AN AIR India passenger plane bound for London with at least 240 people on board crashed today in India’s north-western city of Ahmedabad.
Local television showed smoke billowing from the crash site near the airport in Ahmedabad, a city with a population of more than five million.
The airline said the Gatwick Airport-bound flight was carrying 242 passengers and crew. Of those, Air India said there were 169 Indians, 53 Britons, seven Portuguese and one Canadian.
Directorate of civil aviation director-general Faiz Ahmed Kidwai told reporters that Air India flight AI 171, a Boeing 787-8, crashed into a residential area called Meghani Nagar five minutes after taking off at 1:38pm local time.
He said 244 people were on board and it was not immediately possible to reconcile the discrepancy with Air India’s numbers.
Gatwick posted on social media that it could confirm the flight, which had been due to arrive at 6:25 pm in London, had crashed on departure.
India’s Civil Aviation Minister Ram Mohan Naidu Kinjarapu said rescue teams had been mobilised and all efforts were being made to ensure medical aid and relief support at the site.

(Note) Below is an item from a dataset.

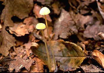 [特 徴] 傘は初め半球形から鐘形で後には開いてまんじゅう形になる。表面の色は淡黄色から黄色で傘の周辺部には放射状の溝線がある。ひだは柄に直生からやや垂生し、 並び方はややあらく、色は淡黄土色。柄は細くて長く、傘とほぼ同色で根もとは長くのび、柔らかい毛状の菌糸束をつけている。 |

“We are on highest alert. I am personally monitoring the situation,” he said.
The 787 Dreamliner is a widebody, twin-engine plane. This is the first crash ever of a Boeing 787 aircraft, according to the Aviation Safety Network database.
The aircraft was introduced in 2009 and more than 1,000 have been delivered to dozens of airlines, according to the flightradar24 website.
The Indian Workers Association (IWA) told the Star today that it was shocked by the devastating news.
”The IWA shares the anguish and pain of families as we await further news,” it said.
Whistleblower John Barnett, who worked at Boeing for 32 years, raised substantiated safety issues about the production of the Boeing 787 – the same model of plane which crashed today – in 2017.
He was found dead in his hotel room in March 2024. Police say he shot himself.